Leaders, real leaders, not the ones described above, clearly communicate their wants and desired priorities. They do this in two ways:

  1. Simply asking what the effect will be.
  2. Surrounding themselves with people who routinely ask these questions or supply the required information.

I cheat. Since I am never an employee, I am, rightfully or not, immune to hopping over three or four levels of management and asking the question, "Is this new assignment really more important than what we are doing right now?" More often than not, the answer is "no," and the theatrics of trying to meet the executive's off-hand request quickly subside.

The source of this problem lies at the feet of the executives. They are the ones that set the tone and create a culture that is reactionary to their requests and stifle the subordinate's ability to question and set priorities. In these cultures, middle managers spend an inordinate amount of time guessing how to please their bosses at the price of getting the company's work done.

Leading Your Leaders

At this point, many would resign to throwing their hands up in despair, surrendering to the notion that management is all fouled up. My approach is to "push a little string." Executives do not have an exclusive on leadership. Leadership is a trait that all of us should be honing—regardless of our organization's culture. All these situations need is a little upward leading. Here are some rules to follow:

  1. Be passionately dispassionate. Objectivity is paramount. Passion is what everyone says they want, but when you are solving a problem, where emotions flare, stick to the facts.

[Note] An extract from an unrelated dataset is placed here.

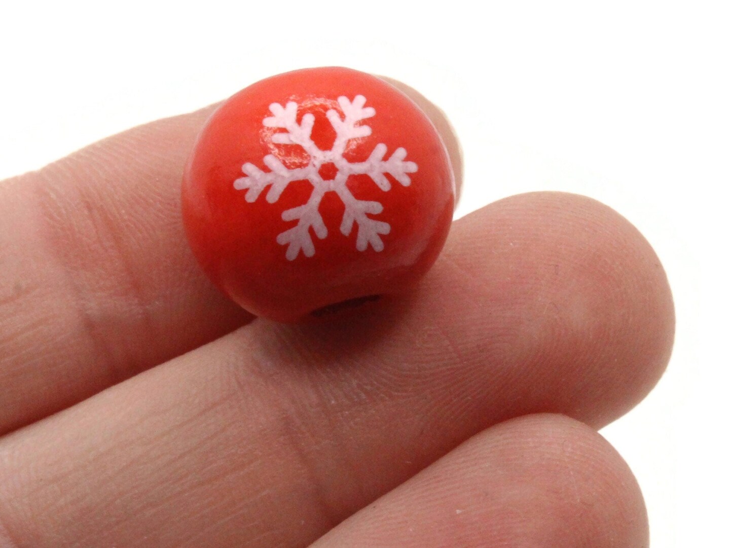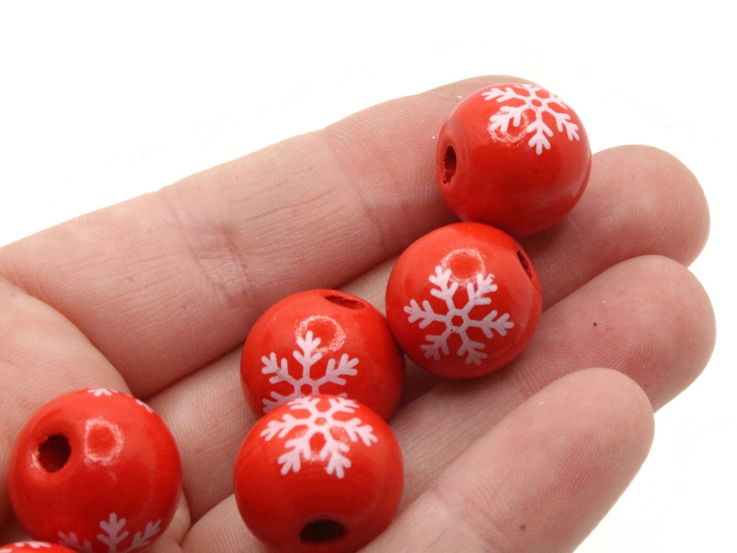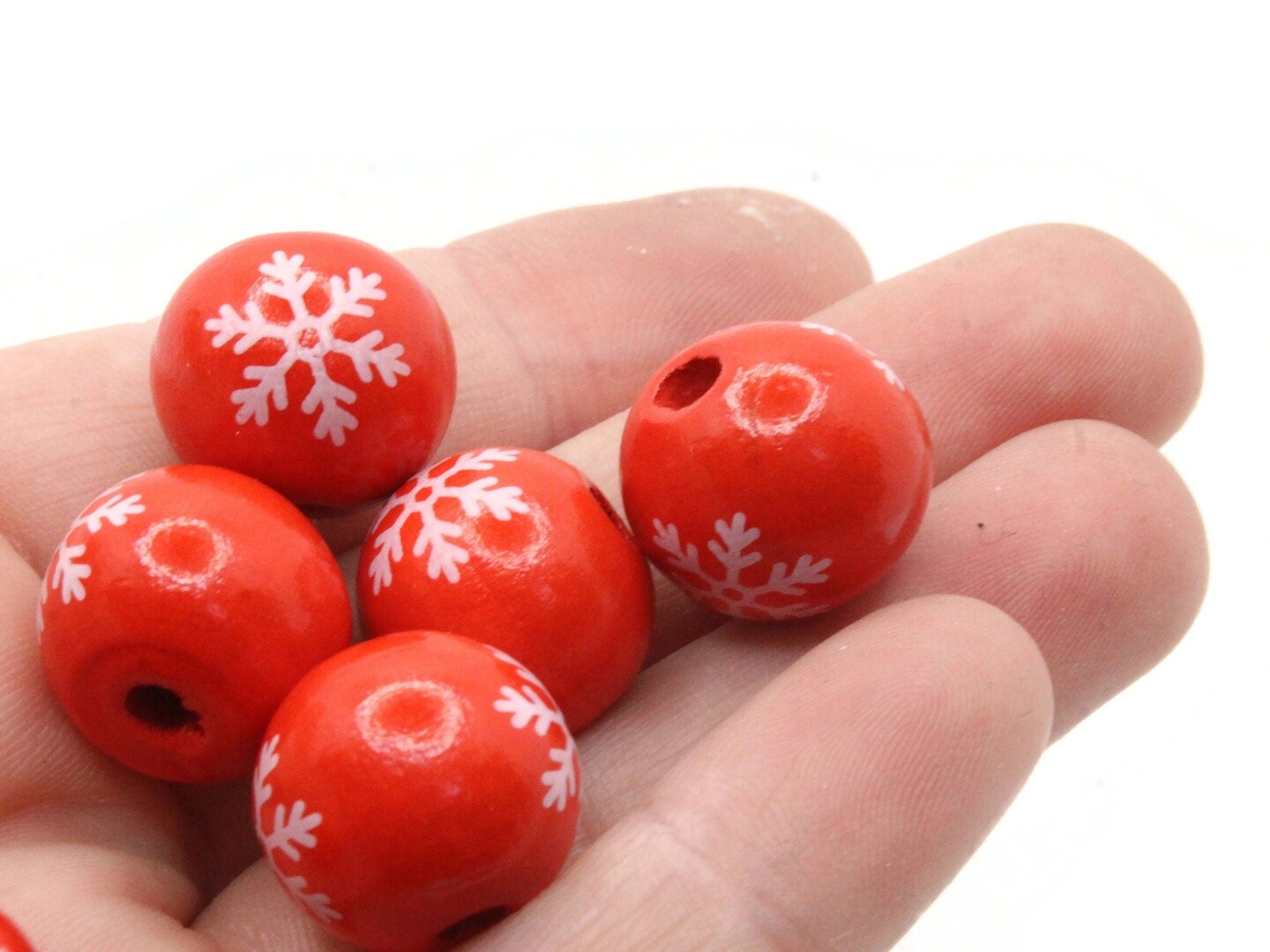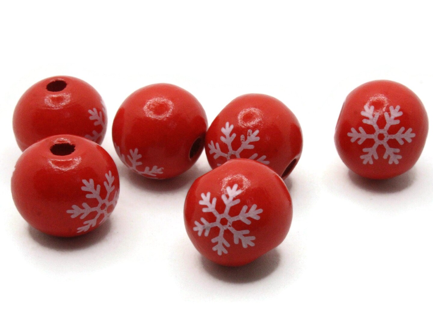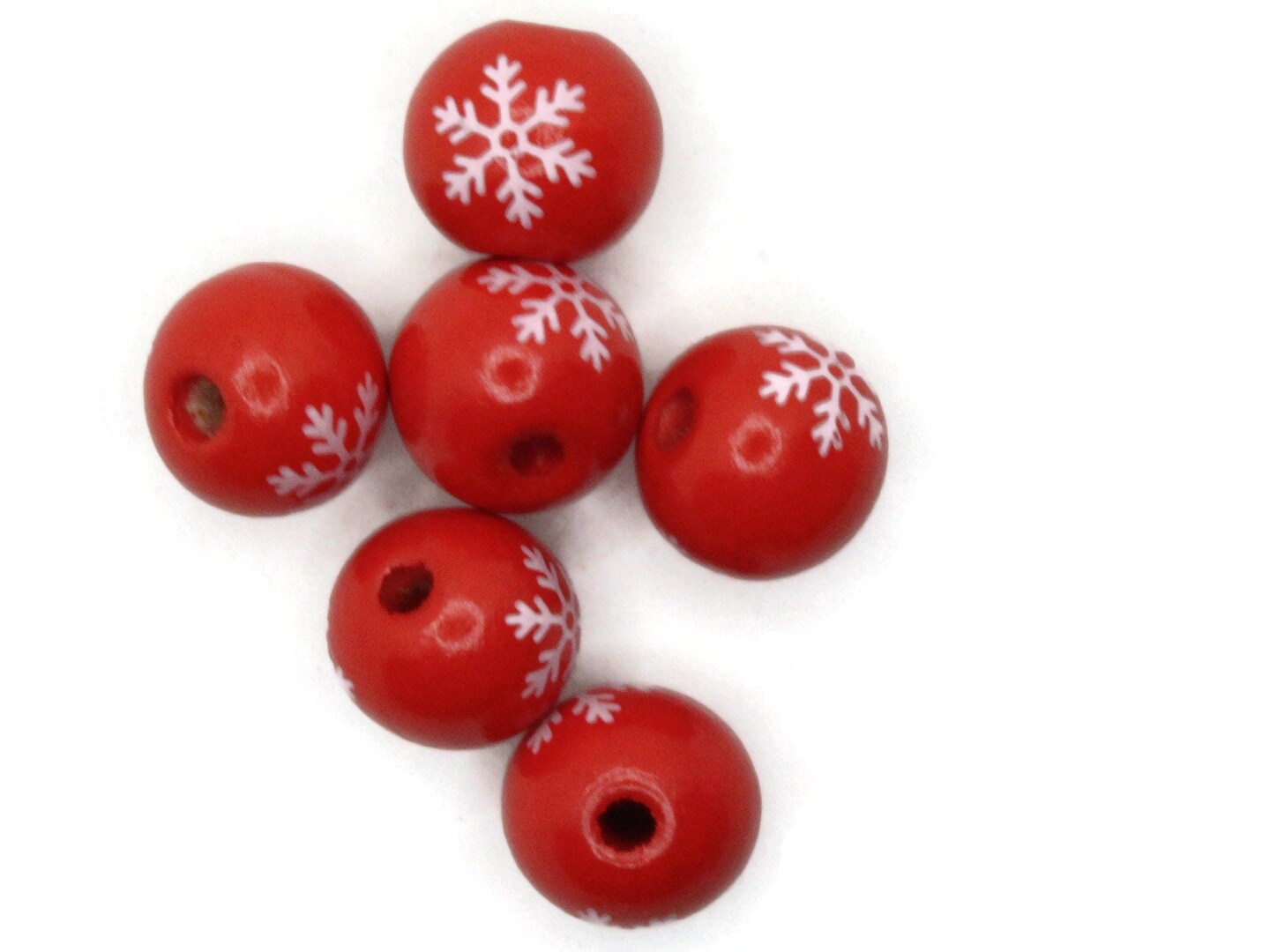 6 16mm Red and White Snowflake Round Wooden Beads

Make sure the pros and cons are objectively laid out in a logical manner to make a decision.
  2. Explain the problem. As so elegantly said by NASA's Mr. Wayne Hale, "remember that your leaders are not very smart." Assuming your leaders know the detail, or even the subject, of the issue you are addressing is a fatal mistake. You know every intimate detail of what you and your team are working on; your leaders do not, nor should they. They need the problem explained in concise, high-level, decision-making terms so they can give informed direction.
  3. Tell your leaders how to solve the problem. Always have two or three viable solutions to problems you escalate. Their job is to make decisions rather than figuring out all the workable solutions. They hired you to come up with the options.
  4. Ask your leaders for clarification and mentoring. If you and your team are having trouble establishing a set of practical solutions, ask for guidance. Although your leaders are often far from the technical aspects of your job, they once were doing what you are now, maybe with a typewriter, but they were there. They have a wealth of experience. Remember the adage, "Old age and treachery will out maneuver youth and skill."

The Right Problem Gets The Right Solution

The challenge is not pushing string. The challenge is looking past the obstacles and our biases and creating new methods to address them. What may seem impossible is only that way since we framed it incorrectly. Change the frame of reference and we can create new innovative solutions. In the case in point, deliberately taking steps to adopt the traits of a good leader, rather than sticking with those of a follower, will calm the seemingly knee-jerk reactions of lame leadership.

...And You?

How have you circumvented problems by changing the problem definition? Everyone would like to hear your technique.